-- DATA FOR PROCESSING follows --
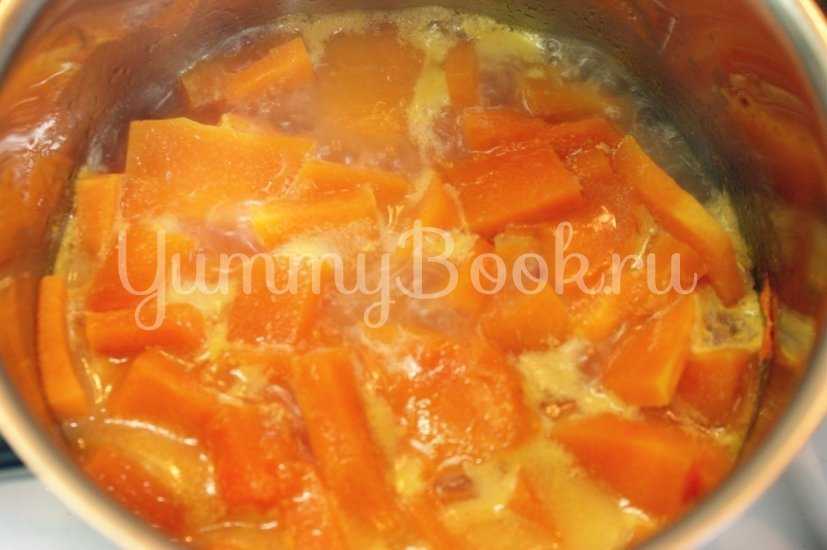 1. Тыкву очистить от кожуры, нарезать небольшими кусочками, залить водой, добавить масло и тушить до мягкости. Остудить.
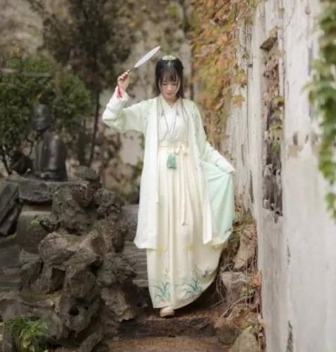 摩羯座的专属汉服是以青色为主,领口采用硬料,让人看上去有一种女王的风范,就好像王后游玩皇宫花园的感觉,可以让不少男生心动呢。
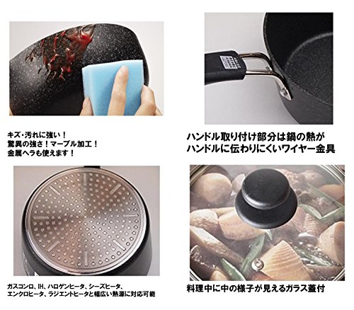 [해외]PEARL METAL 펄 금속 프리미엄 대리석 내면 4층+외면 3층 대리석 가공 IH대응 유리 뚜껑부 양손냄비 24 cm H-4239
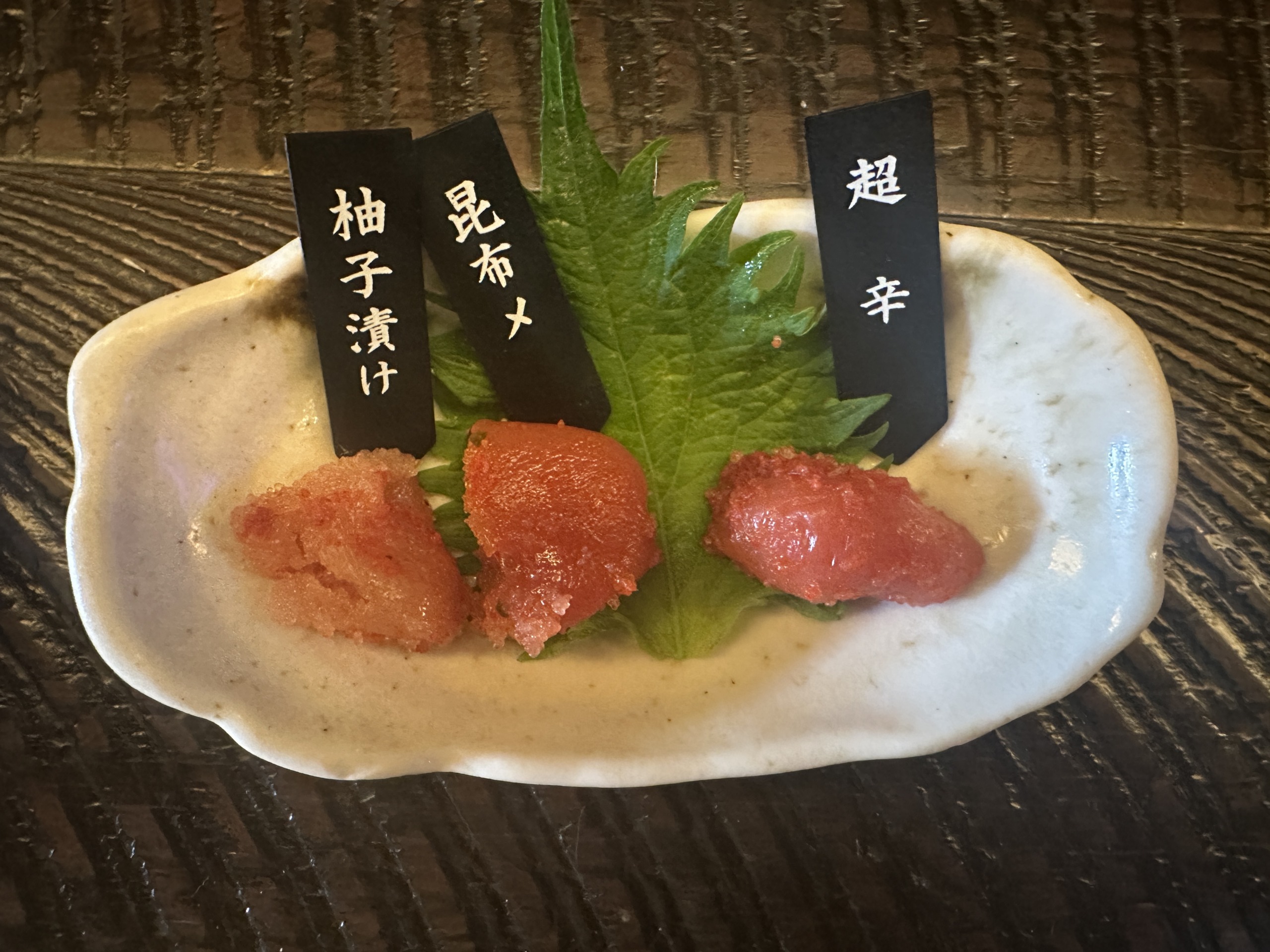 明太子3種。柚子漬け、昆布〆、超辛のこだわりの一品。辛い、そこまで辛く無いの違いしか分からない🤦🏻‍♂️
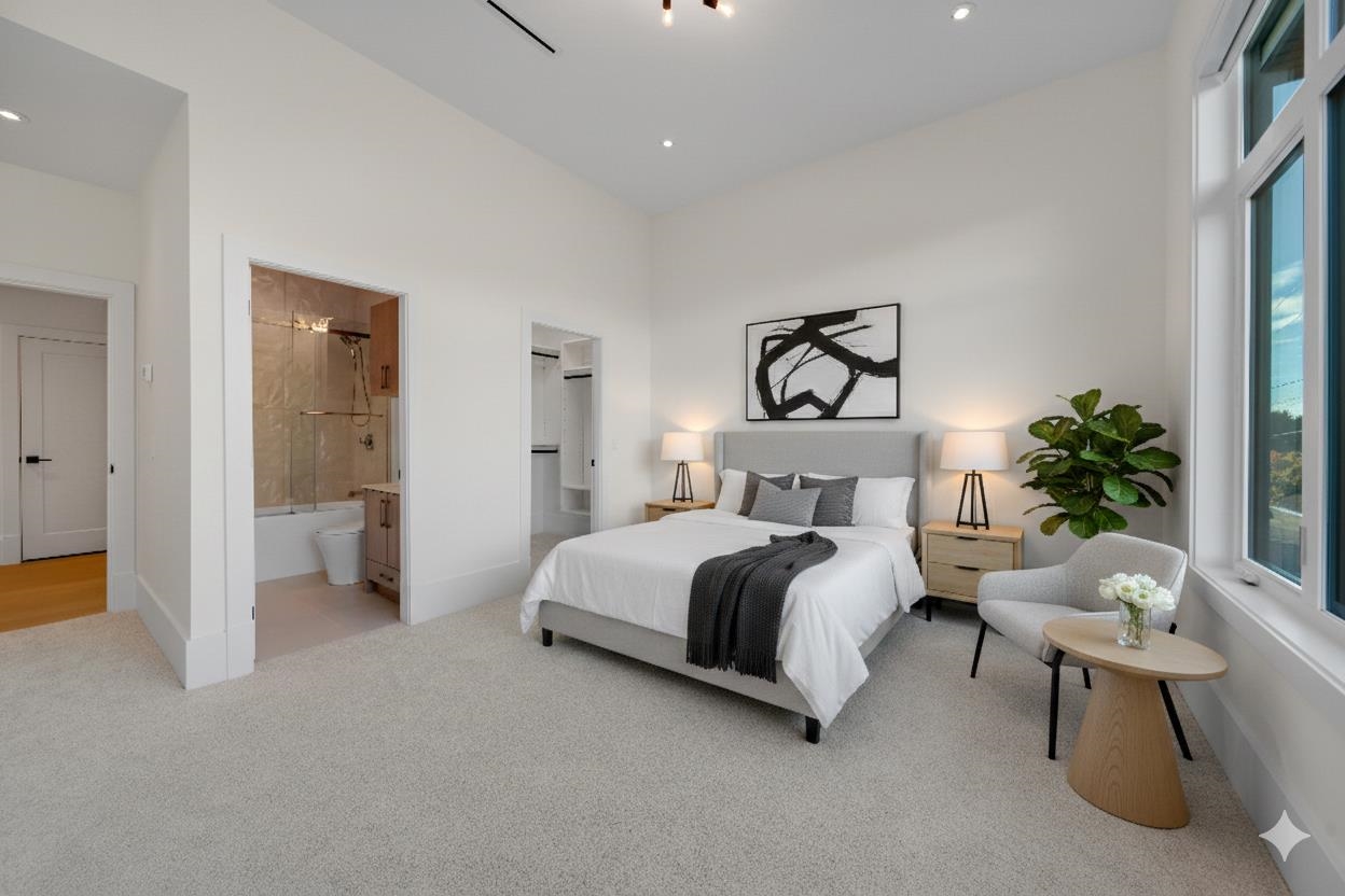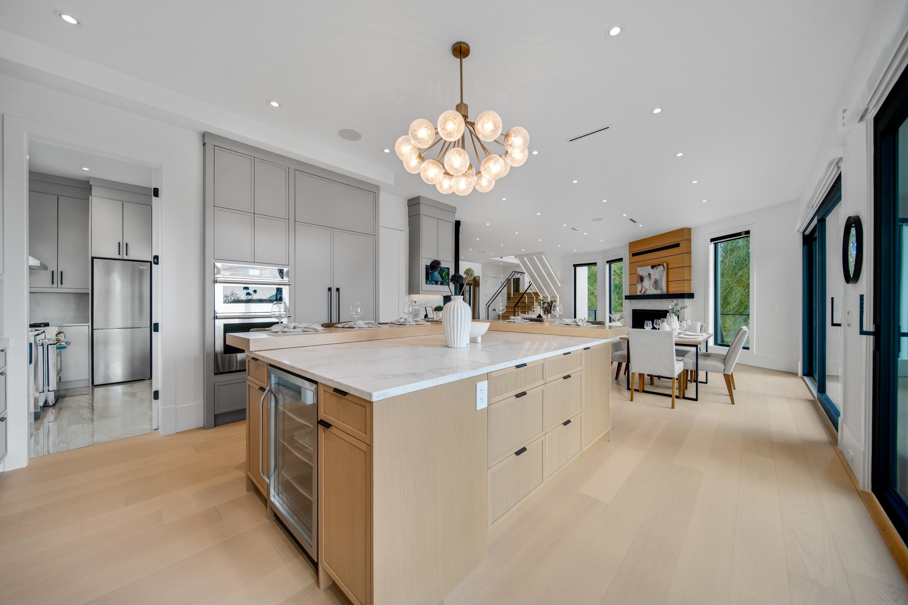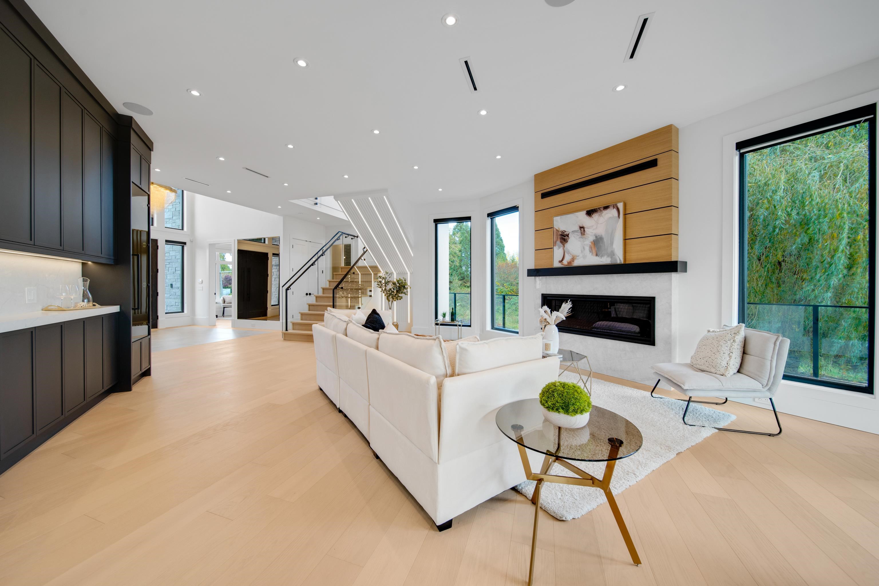 Welcome to 9500 Finn Road, offering modern luxury living in the coveted Gilmore subarea. This exceptional custom-built home features 4,183 sq. ft. of refined living space on a private 13,695 sq. ft. lot, designed for both comfort + entertaining. Enjoy SW exposure from the rear, filling the home w natural light & serene views over the Woodwards ravine. Luxury finishes include oversized windows with power shades, European oak flooring, designer lighting, a custom glass staircase, real oak cabinetry & premium ...
-- DATA FOR PROCESSING concluded --
*TASK PROMPT:* Return an exact copy of the data above, apart from any pictures.

*THE ANSWER:*
 1. Тыкву очистить от кожуры, нарезать небольшими кусочками, залить водой, добавить масло и тушить до мягкости. Остудить.
 摩羯座的专属汉服是以青色为主,领口采用硬料,让人看上去有一种女王的风范,就好像王后游玩皇宫花园的感觉,可以让不少男生心动呢。
 [해외]PEARL METAL 펄 금속 프리미엄 대리석 내면 4층+외면 3층 대리석 가공 IH대응 유리 뚜껑부 양손냄비 24 cm H-4239
 明太子3種。柚子漬け、昆布〆、超辛のこだわりの一品。辛い、そこまで辛く無いの違いしか分からない🤦🏻‍♂️
 Welcome to 9500 Finn Road, offering modern luxury living in the coveted Gilmore subarea. This exceptional custom-built home features 4,183 sq. ft. of refined living space on a private 13,695 sq. ft. lot, designed for both comfort + entertaining. Enjoy SW exposure from the rear, filling the home w natural light & serene views over the Woodwards ravine. Luxury finishes include oversized windows with power shades, European oak flooring, designer lighting, a custom glass staircase, real oak cabinetry & premium ...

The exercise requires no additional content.